The ECB president said that while crypto has no underlying assets to ‘act as an anchor of safety’, the digital euro will be guaranteed by Europe’s central bank.
Europe’s central bank chief Christine Lagarde has dismissed crypto assets as “worth nothing” and advised against investing in them without being prepared to lose money, contrasting them with the digital euro in the works.
As president of the European Central Bank (ECB), Lagarde is responsible for the financial health of the monetary system in the EU.
In July last year, she said the bank had decided to “move up a gear” and commence an investigation phase into a digital version of the euro. A bill to introduce a digital euro could be tabled in the EU early next year, European finance commissioner Mairead McGuinness said in February.

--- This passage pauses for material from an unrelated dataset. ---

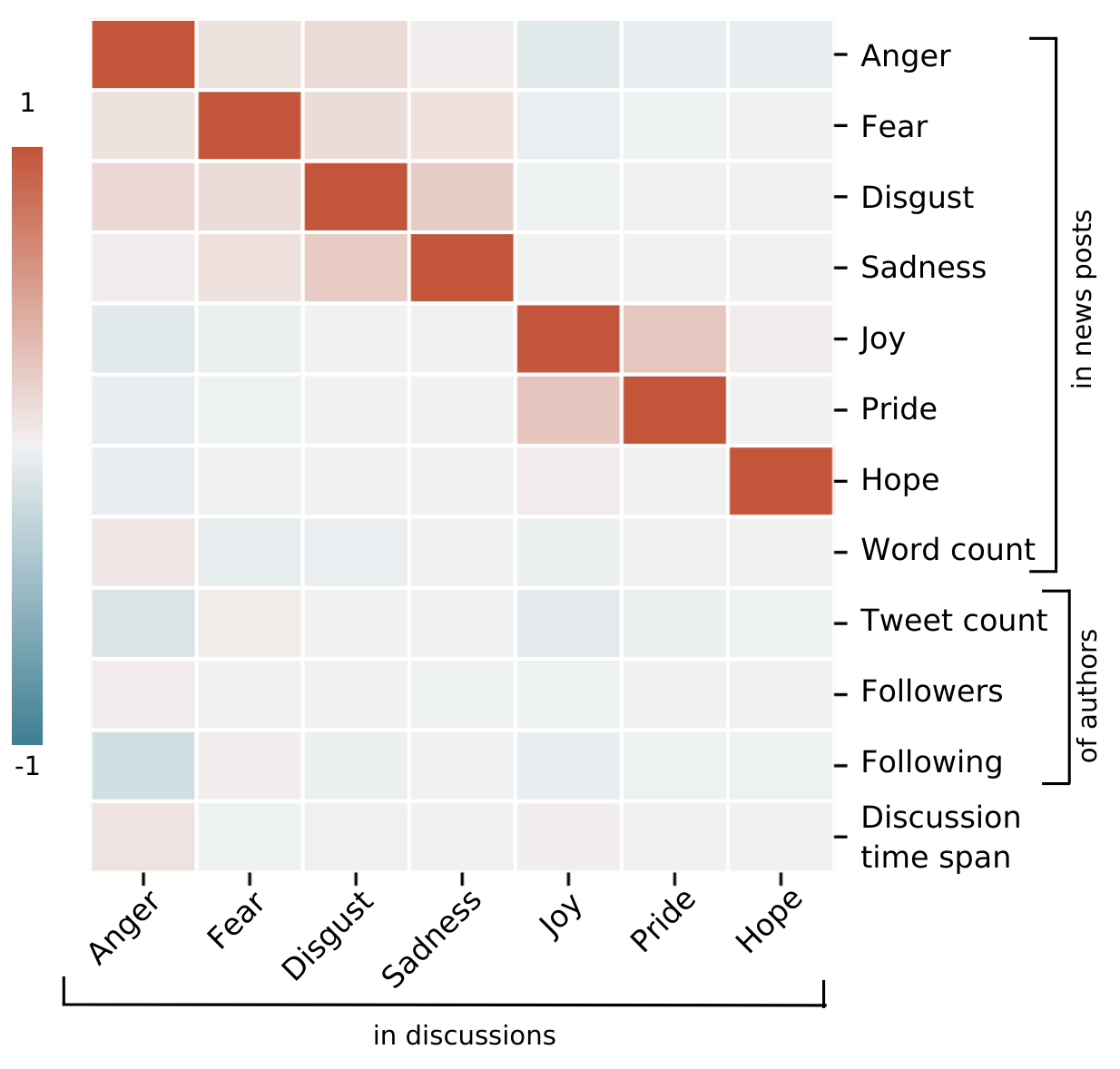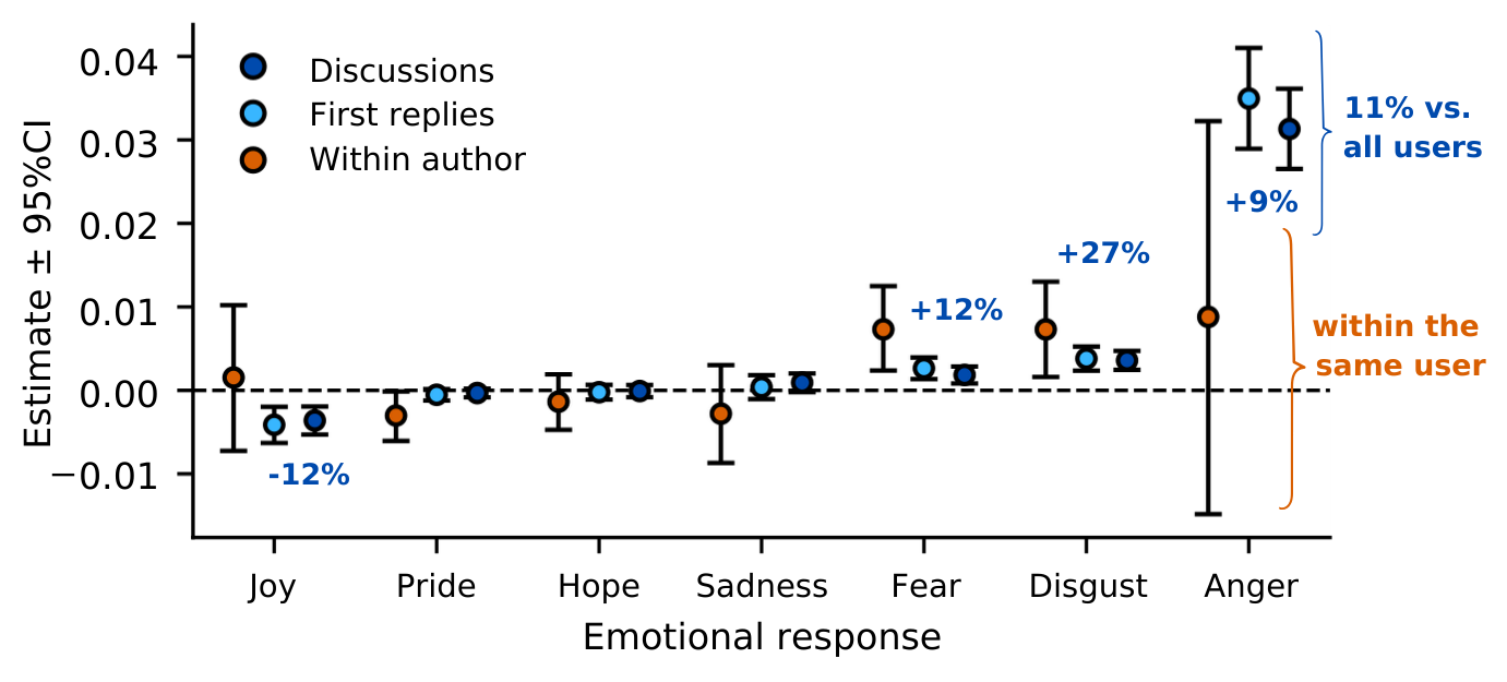 \(\uparrow\) more anger, disgust and fear

Lagarde’s comments on crypto assets were shared on Dutch television show College Tour yesterday (22 May), where she was addressing an audience of mostly students.
“I’ve said all along that crypto assets are highly speculative, very risky assets. If you want to invest there, it’s your choice,” she said in response to a question about investing as a young person.
“But what I’m really concerned about when it comes to crypto assets is that those investments be made by people who have their eyes wide open about the fact that they can lose it all.”
Lagarde added that crypto should be regulated because people who think the assets will be rewarding have the potential to “lose it all” and be “terribly disappointed”.
“My very humble assessment is that it is worth nothing, it’s based on nothing, there is no underlying assets to act as an anchor of safety. The day when we have the central bank digital currency out, any digital euro – I will guarantee. So, the central bank will be behind it.”
Last week, the ECB’s Dr Fabio Panetta told a Dublin conference that if current trends continue, “we could face a future in which cash loses its central role and its ability to provide an effective anchor as consumers turn to digital means of payment”.
“Confidence that €1 is €1, whatever form it takes, rests on our ability to convert, at par, private money – such as funds held in bank deposits or digital wallets – into public money, which is the safest form of money available,” he said, as reported by the Irish Times.